22 thoughts on “A Spade is a Spade… or Sharp Shooter

    1. I agree. Tile spades have a different end on them. Flatter than a sharp shooter. And to me a shovel is different than a spade. A shovel lifts or moves soil while a sharp shooter or “spade” is long and narrow- made to break up or pierce soil. I typically use both when mapping. WY

  1. I’ve never even heard of a spade till I was trying to figure out what shovel to used, till I realized their Is a spade? I’ve always called those shovels sharp shooter shovel? From Texas and my dad is a landscaper.

  2. The Oregon Society of Soil Scientists puts out a newsletter called ‘The Sharpshooter’. It seems like all the soil-types I knew at Oregon State University called it a sharpshooter. Thanks for the info!

    1. Carl! Fancy meeting you here. 🙂
      I’ve been commissioned to settle the spade dispute once and for all in meme form.
      Thanks to this site I now know my regionalisms are correct.

      Oh, and from what I’ve gathered in Oregon & the Intermountain West, Sharpshooters/Montanas are commonplace with the occasional King of Spades used in forested areas.

  3. Yep – I use the term sharpshooter. Have been living in TX since I was 20 (I’m 53 now), and various Southern stares before that (OK, LA, AL).

  4. Sharpshooter was the term my grandparents and parents used for our transplanting spades, and it’s all I’ve ever called mine. My family is of German descent, farmers and Texans. Enjoyed the article…stay curious! 👍

  5. Archaeologists in Mississippi also refer to them as “sharpshooters”, as did the soil scientist we worked with.

  6. USDA-NRCS soil scientist (retired) in Texas with over 30 years (1972-2006) field soil mapping and classification experience. Don’t know about the origin of the term, but we always called them “sharpshooters”. Also, the AMS heavy metal sharpshooter is the very best investment for digging in clayey soils such as Vertisols, especial during dry conditions.

  7. My mother always referred to it as a sharpshooter so I’m sure she would have
    heard it from her father. He was from the Virginia/Tennessee area, born in the late 1890’s

  8. Spade is pointed,round nose. Sharp shooter is short handle, flat narrow blade. Your time spade is a trench digger. WY/MT. archaeologist and avid gardener

  9. Calling a tile spade a ‘sharpshooter marks you s someone who knows the difference between a spade and a shovel. I’m originally from Missouri, but everywhere in the US I’ve gone, the old hands know what I mean if I ask for a sharpshooter!
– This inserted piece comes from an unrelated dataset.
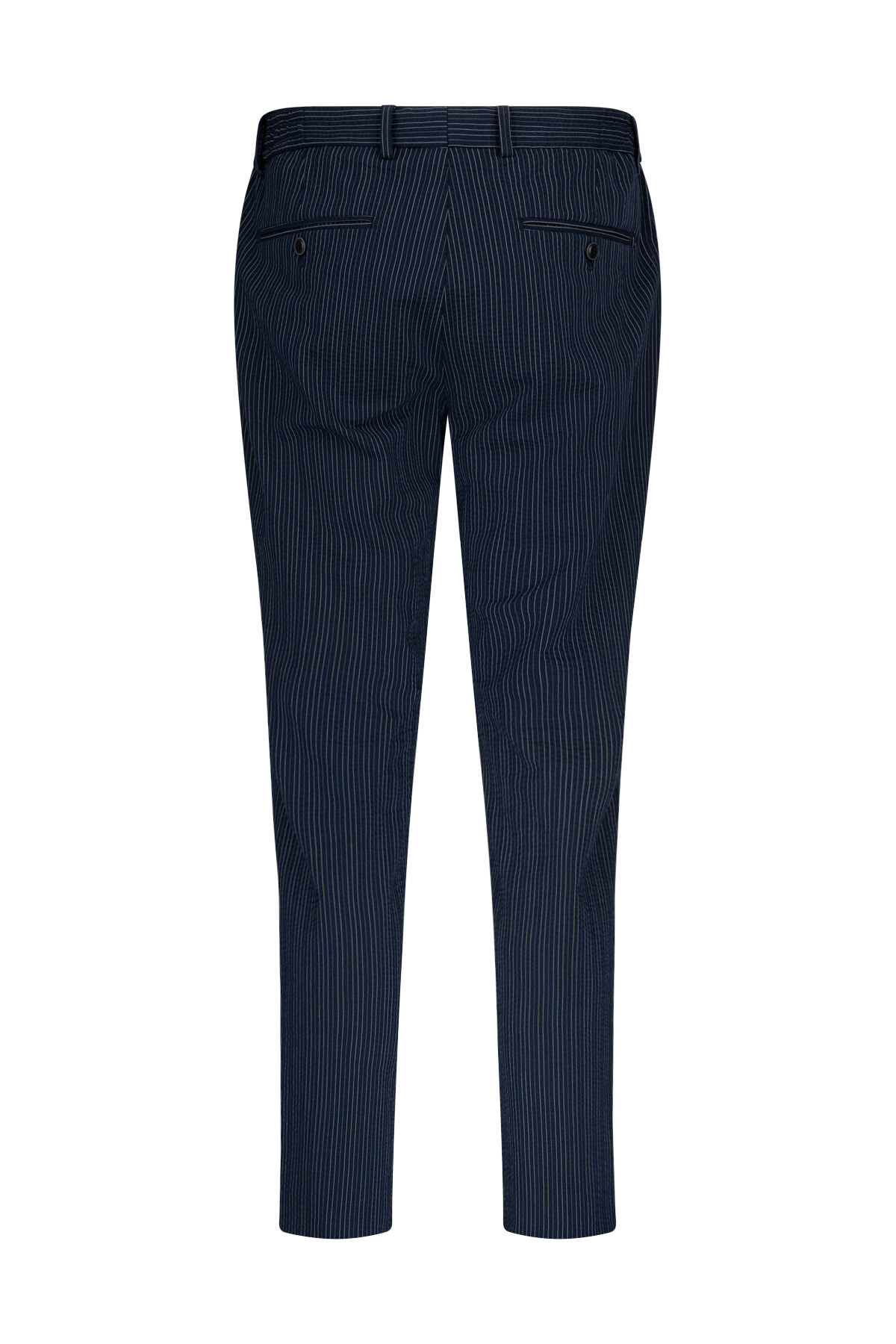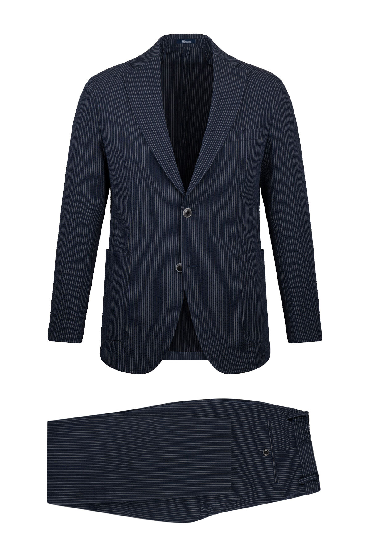 • Lacivert Comfort Fit Çizgili Mono Yaka Casual Takım Elbise, lacivertin klasik tonunu çizgili dokusuyla birleştirerek konforlu ve modern bir stil sunar. Comfort Fit kalıp, hareket özgürlüğü ve zarafeti dengeler.

  10. for the 40 years of using one in Iowa it was called a spade they could be long handled of short with a D handle. When I relocated to Arizona they had a similar shovel that looked like a spade but it was much heaver in weight to dig in the rocky and hard soils.

  11. I live in Texas and I have never called it anything but a sharpshooter. I really didn’t even know that wasn’t it proper name. It’s my go-to shovel. My father is a landscaper and has been in the field for fifty years or more. When he was growing up he lived on a nursery and I have been around plants, trees, ect my entire life. Thanks for the information on this very useful tool.

  12. I first saw the term “sharpshooter spade” in an essay by the great garden writer Henry Mitchell, so looked it up and found your post here. I wonder if the term is Southern? I have a spade similar to the tile spade in your picture, but the place I bought it from listed it in their catalogue as a “rabbiting spade,” which refers to rabbit “management” in England. I believe it’s also called a “transplanting spade,” which is what I use mine for, here in Victoria, B.C. In any case, it’s an excellent tool.

    1. Interesting incites! I haven’t heard of the “rabbiting spades” or “transplanting spades” terms yet, but both make sense.

  13. I live in Kansas and everyone here calls it a sharpshooter but grew up in S Dakota and we called it a spade or a tiling spade. We DID NOT call it a sharpshooter. I think that is a sourthern term.

    1. Thanks for the comment, Jeff. Growing up in Iowa, that’s what we called it as well. I also live in Kansas now, so I’ll have to keep my ears pinned to see what people in my area call it.